- Born: January 1, 1968 (age 58) United States
- Education: Rutgers University
- Occupations: Film producer; screenwriter;
- Years active: 1998–present

= Tom DeSanto =

American film producer (born 1968)

Tom DeSanto (born January 1, 1968) is an American film producer and screenwriter.

DeSanto is a founding writer/producer behind several of the biggest franchises in movie history (X-Men, Transformers). DeSanto's films have grossed more than $5 billion worldwide with a per film average of more than $746 million at the box office, in addition to billions more in home video, merchandising, and video games. He has produced several social issue documentaries.

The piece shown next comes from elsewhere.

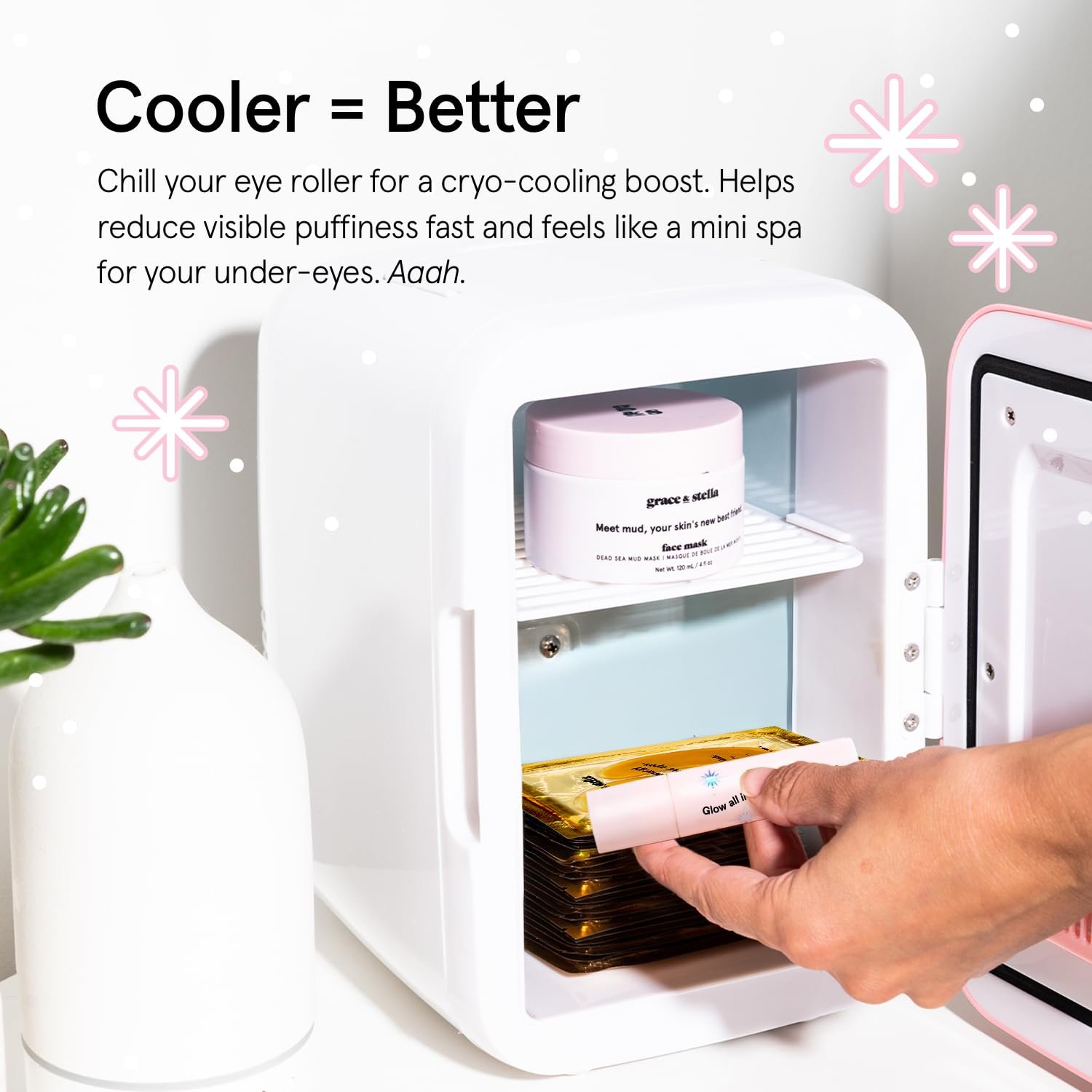 How To Get The Best Glow: Roll on this eye roller for puffy eyes twice daily for best results. Keep it in the fridge to activate its cryo-cooling effect. If the roller’s stuck, give it a shake or warm in your hands.

==Early life and education==
DeSanto was raised in the Iselin area of Woodbridge Township, New Jersey, the son of a police officer. He graduated from Bishop George Ahr High School in Edison, New Jersey in 1986 and from Rutgers University in 1990.

==Career==
During his first years in the film industry, Tom met and befriended Bryan Singer, who got Tom a production position with his company, Bad Hat Harry, working on his movie Apt Pupil, followed by a partnered attempt to revive Battlestar Galactica.

===X-Men & X2===
Later, Singer would co-write the movie X-Men with DeSanto and a few others before signing on as director, using most of DeSanto's original story. DeSanto is credited for the screen story, as an executive producer, and for a short cameo role as the police officer on Ellis Island who is squashed by Toad.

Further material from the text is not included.